Attitudes and Behaviors as a Researcher

The Attitudes and Behaviors as a Researcher component of the URSSA focuses on attitudes and behaviors linked to working in a scientific community and feelings of creativity, independence, and responsibility around working on scientific projects. This section of the survey lists benefits around practicing more authentic scientific inquiry versus more rote or “cookbook” science labs (Seymour et al., 2004). Items in this block ask students to report gains in engaging in real-world science research, feeling part of a scientific community, and feeling responsible for a project. In the interview study, these items were linked to students’ developing identities and status as scientists.

Satisfaction

Satisfaction items are included in this analysis as a comparative baseline for the four core URSSA constructs. An underlying rationale for the URSSA (as well as the SALG before it) is that students’ self-reports on their learning fundamentally differ from traditional ratings of satisfaction with an instructor’s performance. “Learning gains” questions instead focus on student perceptions of their own learning from their course or lab experiences. However, during development, stakeholders in the URSSA wanted some traditional satisfaction questions that would help them monitor mentoring; facilities; program-wide activities, such as career seminars or field trips; and overall climate. These items include questions about students’ relations with mentors and peers, plus satisfaction with the overall UR experience.

VALIDATION

As of May 1, 2014, 3671 students had taken the URSSA across the United States and Canada. These students came from public and private research universities, smaller universities, and colleges and research institutes. In this study, we focused on the URSSA survey’s use as a tool for assessing learning gains and aspirations for students enrolled in REU consortium programs such as the BIO-REU program described earlier.

Questions included:

1. Do blocks of items in the fixed part of the survey represent related but separate domains?

   The URSSA contains four blocks of questions based on categories of benefits uncovered in prior research. We use averages within these blocks to create composite variables (“core indicators”) for comparing students between years and among groups. We wanted to know whether these categories represent separate (yet related) domains or whether categories can be collapsed into a more parsimonious structure.

2. How do student ratings of satisfaction relate to URSSA learning gain variables?

   The URSSA contains questions asking students to rate aspects of their research experiences.
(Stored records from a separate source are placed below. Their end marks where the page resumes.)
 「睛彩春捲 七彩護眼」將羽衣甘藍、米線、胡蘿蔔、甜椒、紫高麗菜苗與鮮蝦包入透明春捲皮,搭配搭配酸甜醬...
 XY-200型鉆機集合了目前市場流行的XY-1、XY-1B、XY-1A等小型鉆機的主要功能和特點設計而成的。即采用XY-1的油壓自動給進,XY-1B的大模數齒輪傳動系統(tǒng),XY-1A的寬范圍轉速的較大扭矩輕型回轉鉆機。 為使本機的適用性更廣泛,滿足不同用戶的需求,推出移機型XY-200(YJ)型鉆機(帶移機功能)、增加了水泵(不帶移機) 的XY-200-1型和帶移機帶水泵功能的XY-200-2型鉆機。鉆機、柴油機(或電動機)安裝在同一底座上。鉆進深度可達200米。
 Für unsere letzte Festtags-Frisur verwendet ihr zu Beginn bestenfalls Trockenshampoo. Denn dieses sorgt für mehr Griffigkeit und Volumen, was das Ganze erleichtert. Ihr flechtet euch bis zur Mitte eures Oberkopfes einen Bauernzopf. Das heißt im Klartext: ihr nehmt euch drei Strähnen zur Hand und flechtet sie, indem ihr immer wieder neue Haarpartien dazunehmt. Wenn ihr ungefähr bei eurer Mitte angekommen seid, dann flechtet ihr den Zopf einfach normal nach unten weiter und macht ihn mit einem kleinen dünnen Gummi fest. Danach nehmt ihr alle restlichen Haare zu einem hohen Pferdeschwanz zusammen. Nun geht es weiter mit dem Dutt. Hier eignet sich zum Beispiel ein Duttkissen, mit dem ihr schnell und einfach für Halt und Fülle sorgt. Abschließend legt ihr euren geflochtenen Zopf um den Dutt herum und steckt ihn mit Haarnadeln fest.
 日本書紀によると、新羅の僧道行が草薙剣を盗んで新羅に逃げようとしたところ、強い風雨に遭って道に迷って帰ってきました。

A central question for both the URSSA and the SALG is the meaning of gains scores versus traditional ratings of satisfaction. This is an important question because core URSSA survey items are meant to ask students to report on their own gains in cognitive and affective domains, while satisfaction items are traditional external ratings of teachers, mentors, or facilities or other services.
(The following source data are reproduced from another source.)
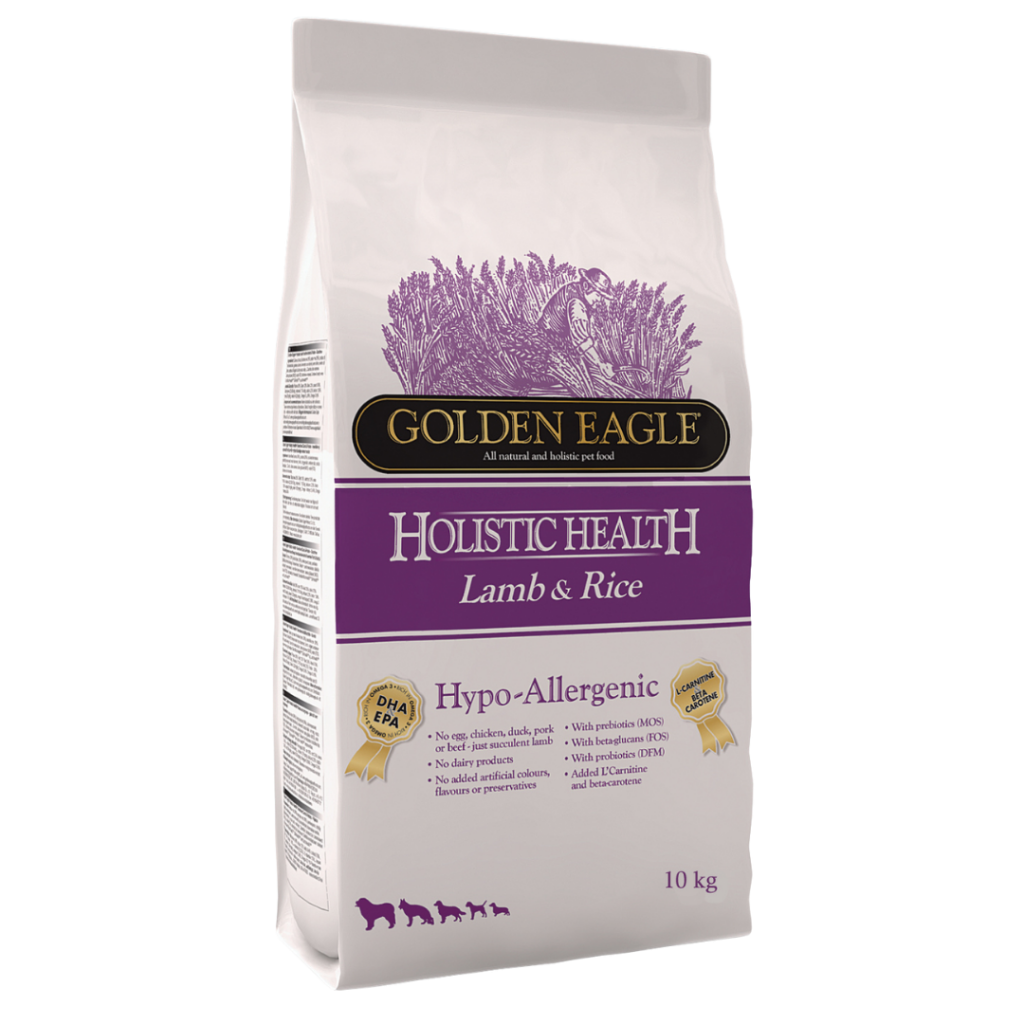 Golden Eagle Hypo-Allergenic Lamb & Rice on kehitetty koirille jotka kärsivät allergiaoireista ja ruoka-aine-herkkyyksistä. Suositellaan myös koirille jotka kärsivät suolistohäiriöistä, kuten hiivatulehduksista, ripulista tai paksusuolentulehduksesta. Golden Eagle Hypo-Allergenic -koiranruokasarja tukee koiran aineenvaihduntaa puhtaalla ja luonnollisella täysravinnolla, joka vastaa erilaisiin ravintovaatimuksiin. Viljaton koostumus, josta on karsittu yleisesti allergiaa aiheuttavat raaka-aineet sopivat monille ruoka-aineyliherkille koirille.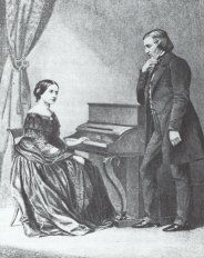 Gegen den Willen ihres Vaters heiratete sie 1840 Robert Schumann, bekam bis 1854 acht Kinder, konzertierte nebenbei aber weiter und komponierte bedeutende Lieder, ein Klaviertrio, drei Romanzen sowie mehrere Klavierwerke. Bis ins hohe Alter blieb sie als Pianistin tätig, als Interpretin vor allem der Werke ihres Mannes (der 1856 starb), sowie Beethovens, Chopins und Brahms'. Clara Schumann starb 1896 in Frankfurt am Main. |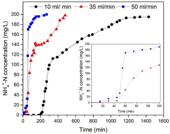 Effect of 10, 35 and 50 mL/min flow rates for NH4+-N removal (200 mg NH4+-N/L). The zoom area displays the NH4+-N removal within 120 min for flow rates 35 mL/min (red) and 50 mL/min (blue).

3. Are composites created from these item blocks reliable?

   Because programs use composite variables as the basis for comparison for students and programs, we wanted to know whether these variables were reliable enough to be used confidently for this purpose.

4. Are ratings of likelihood of future plans for graduate school and scientific careers derived from numerical items congruent with student responses on open-ended questions?
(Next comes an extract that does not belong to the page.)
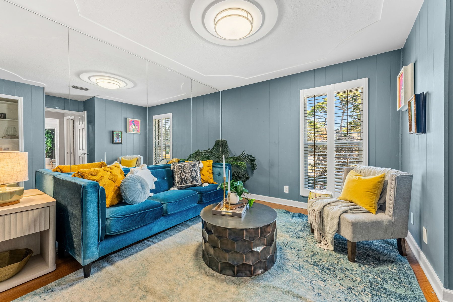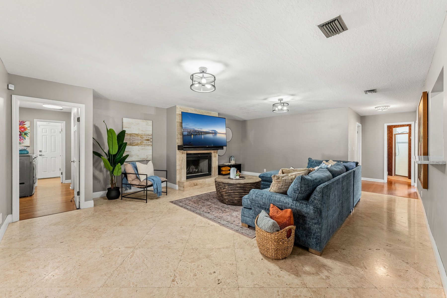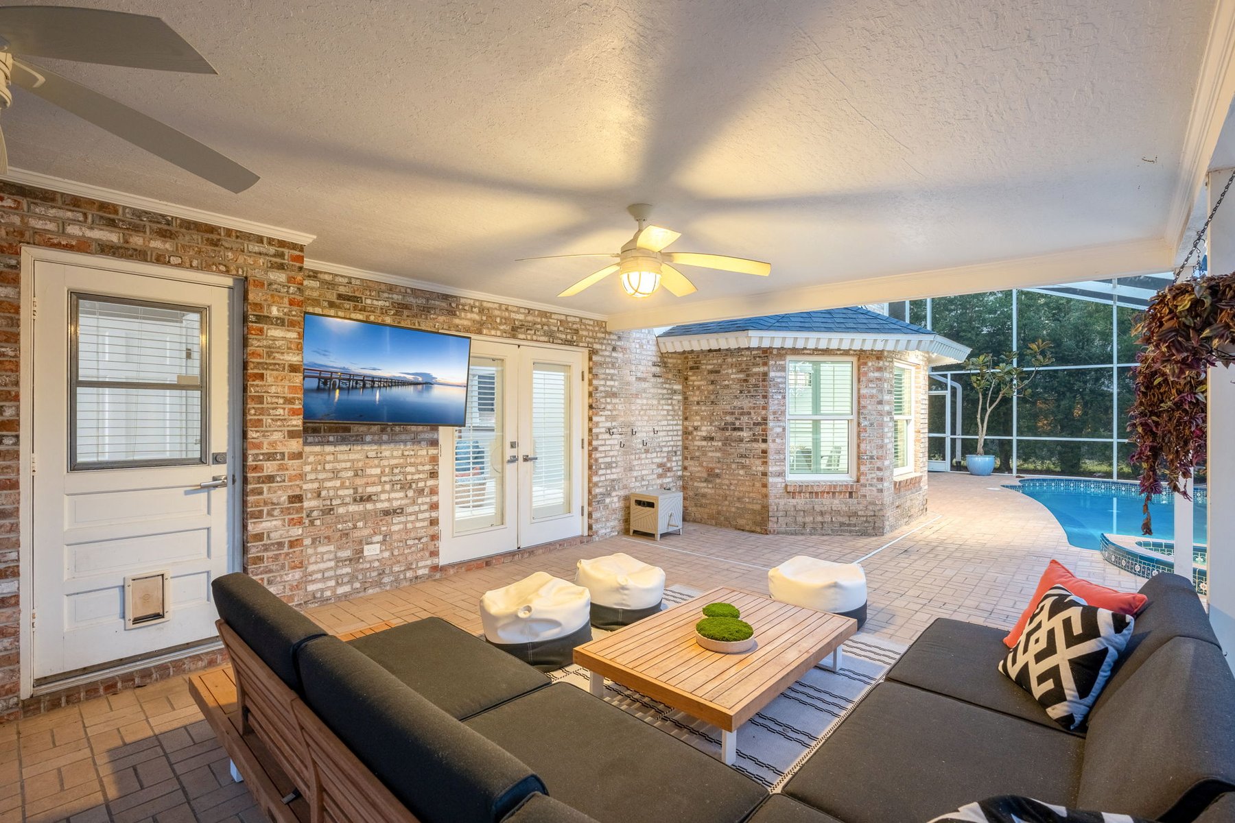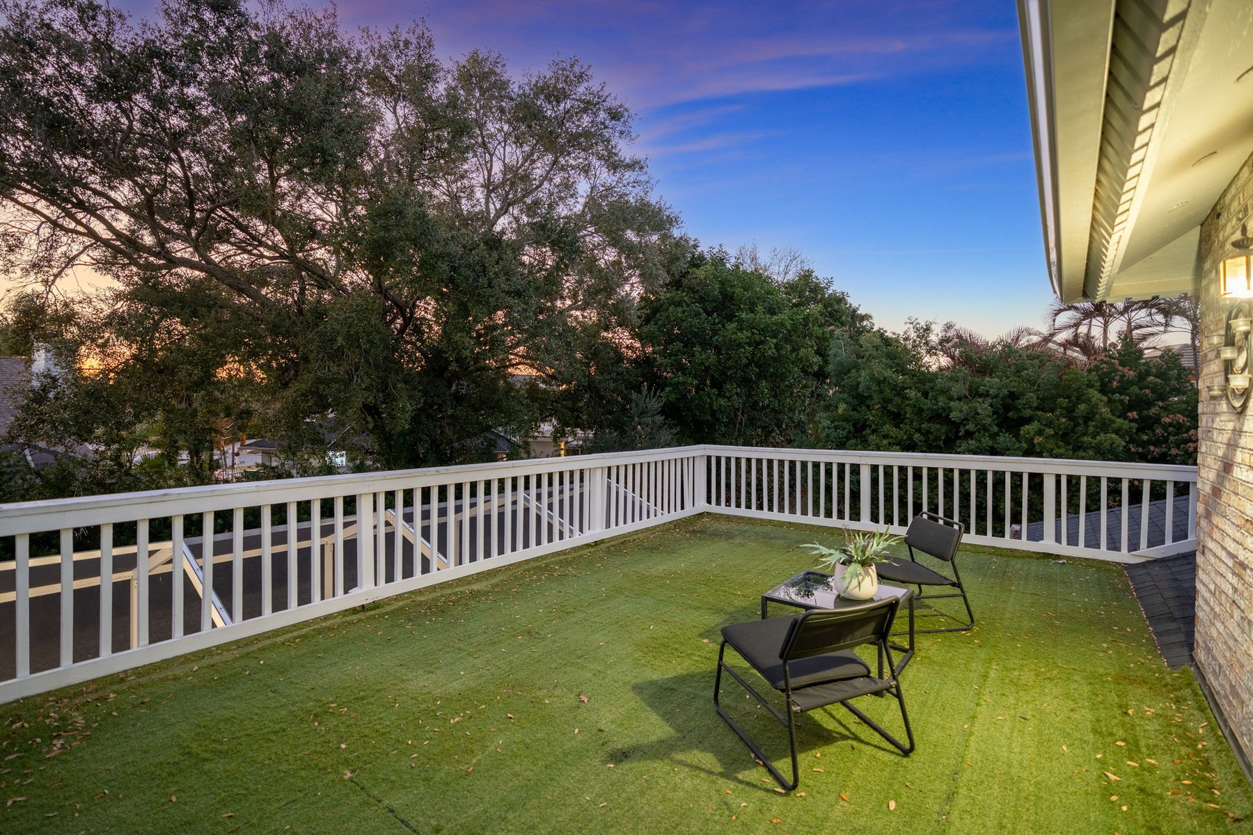 Located on a quiet cul-de-sac in Woodbridge at Suntree, this two-story brick French Provincial home sits directly adjacent to the 18th hole of Suntree Country Club. Offering 3,487 square feet, 5 bedrooms, and 5 full baths, the home blends timeless architecture with extensive 2022 updates throughout.Designed with family living and entertaining in mind, the home features hardwood floors, a wood-burning fireplace, and multiple gathering spaces that flow seamlessly to the expansive covered lanai and screened pool with gas-heated spa. The fully modernized kitchen showcases marble countertops, double wall ovens, an induction cooktop, butler's pantry, and an impressive entertainment extension complete with a 200-bottle wine refrigerator and keg fridge.Upstairs, the primary suite offers four custom closets and direct access to a private rooftop deck with panoramic views. Two additional upstairs suites provide flexibility for growing families or multigenerational living, while a first-floor guest bedroom adds convenience.Major improvements include hurricane impact windows and doors (2022), dual-zone HVAC, foam-insulated attic spaces, a 2015 roof with wind mitigation upgrades, and new professional landscaping (2024).Located within Woodbridge's signature covered bridge community and minutes from parks, shopping, and major commuter routes. Approximately 10 minutes to the beach, 15 minutes to Melbourne Orlando International Airport, and about 45 minutes to Orlando International Airport, this is a true family home in one of Suntree's most desirable neighborhoods.

One promised benefit of UR is that students participating will be more likely to choose to continue on to graduate school and careers in science (Eagan et al., 2013). The survey asks students to (numerically) rate their likelihood of pursuing graduate school compared with the likelihood before they started the UR program. The percentage of students who answer this question positively is often used as one indicator of a program’s success. For comparison, we examined student responses to an open-ended question found later in the survey: “How did your research experience influence your thinking about future career and graduate school plans?” We wanted to know whether the answers students gave to the textual question about changing their minds about attending graduate school matched ratings for the similar numerical item.

METHODS

CFA Methods

To best represent the range of students who have taken the URSSA, we created a sample drawn randomly from demographic blocks of data of all students who took the survey from 2010 to 2014.¹ The sample for assessing factor analysis contained 506 students.

CFA (Harrington, 2009) examines whether a model of hypothesized factors fits the structure of empirical student responses. We created factor models using the software AMOS 22.0 (Arbuckle, 2011). The theorized model follows the structure of the four blocks of items in the survey with factors corresponding to the four correlated item blocks: Thinking and Working Like a Scientist, Personal Gains, Skills, and Attitudes and Behaviors (see Table 1). Additionally, we also wanted to know the nature of the relationship between gains variables and student ratings of satisfaction (Satisfaction) with their mentors and other aspects of the REU.

We compared four different models to examine whether alternative arrangements of survey items better fit the data. As noted, the four-factor “survey” model reflects the hypothesized structure of the survey in four item blocks. Three alternative models were hypothesized a priori from examining the correlation and covariance matrices for the data before conducting the analysis. One of these was based on the high correlation of items within and between the first three blocks of items, which suggested they might be better represented by a single factor representing generalized learning gains, thus yielding a two-factor model. A one-factor model was used as a baseline comparison. Finally, a five-factor model incorporated items about satisfaction to answer a different question about the correlation between factors. This model retains the first four factors but adds the Satisfaction items, which were also completed by all students taking the survey. We added Satisfaction items to examine whether learning gains items were discrepant given the different underlying meanings of the constructs. Three items from the original survey were omitted (Q23, Q24, Q34) due to large numbers of students choosing the “nonapplicable” option. Omitted items asked students to rate their skills in analyzing statistical data, calibrating instruments used for measurement, and interacting with scientists.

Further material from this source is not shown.